**What the exercise asks**
Leave the pictures out, and repeat exactly every line from the one with "You can use" through the end of the data below.

**Available data**
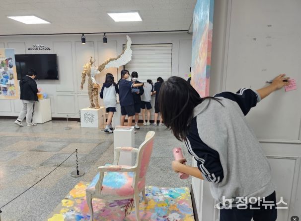 도원중 권혜진 교사는 “학교 중앙 현관이 마치 미술관을 옮겨온 듯한 착각이 든다. 수시로 지나가는 곳에서 작품을 감상하며 학생들의 심미적 감성 역량을 신장시키는 기회가 되고 있다.”며 감사의 말을 전했다.
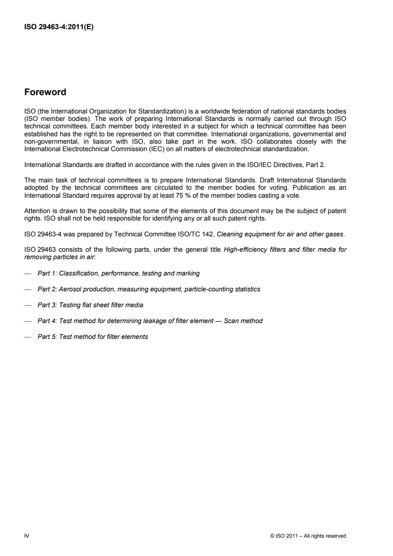 ISO 29463-4:2011 is a standard published by the International Organization for Standardization (ISO). Its full title is "High-efficiency filters and filter media for removing particles in air - Part 4: Test method for determining leakage of filter elements-Scan method". This standard covers: ISO 29463-4:2011 specifies the test procedure of the "scan method", considered to be the reference method, for determining the leakage of filter elements. It is applicable to filters ranging from classes ISO 35 H to ISO 75 U. ISO 29463-4:2011 also describes the other normative methods: the oil thread leak test and the photometer leak test, applicable to classes ISO 35 H to ISO 45 H HEPA filters, and the leak test with solid PSL aerosol. ISO 29463-4:2011 is intended for use in conjunction with ISO 29463-1, ISO 29463-2, ISO 29463-3 and ISO 29463-5.
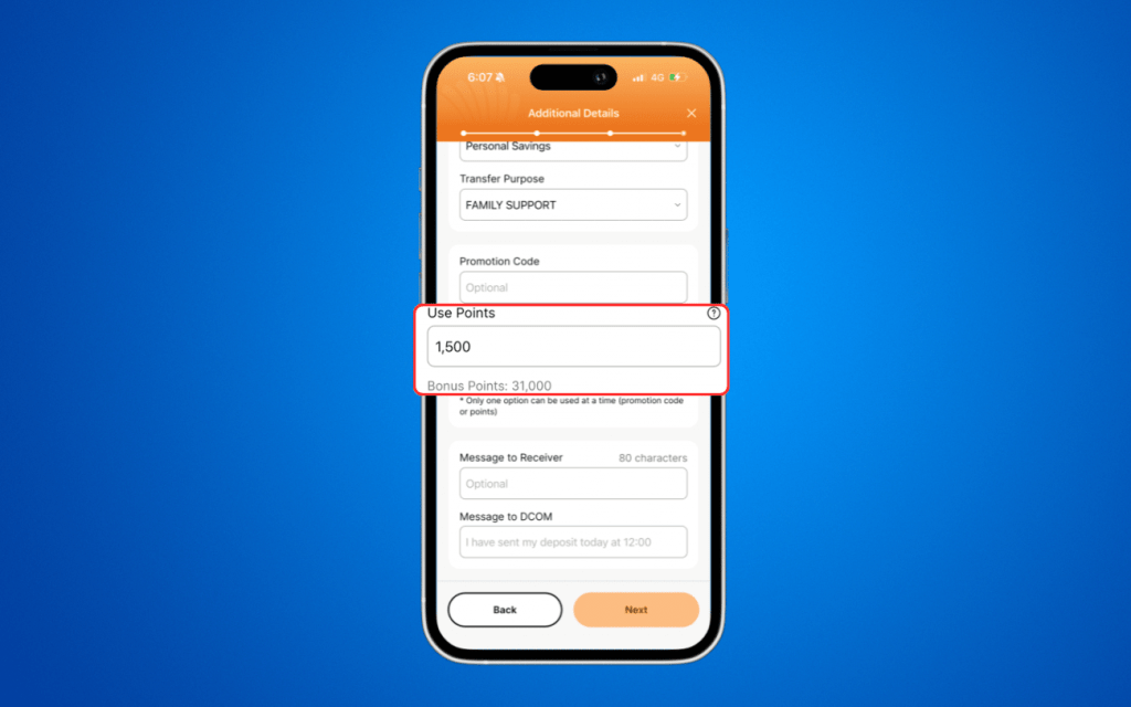 You can use your Bonus Points to reduce your remittance service fee directly in the DCOM Money Express App.
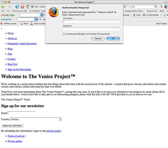 A tip from reader Joost Schreve led us to the domain name Joost.com: if you click the “cancel” button multiple times an unformatted web page pops up with information about the Venice Project. We have subsequently confirmed that this is the actual launch name of the company.

**Written answer**
 You can use your Bonus Points to reduce your remittance service fee directly in the DCOM Money Express App.
 A tip from reader Joost Schreve led us to the domain name Joost.com: if you click the “cancel” button multiple times an unformatted web page pops up with information about the Venice Project. We have subsequently confirmed that this is the actual launch name of the company.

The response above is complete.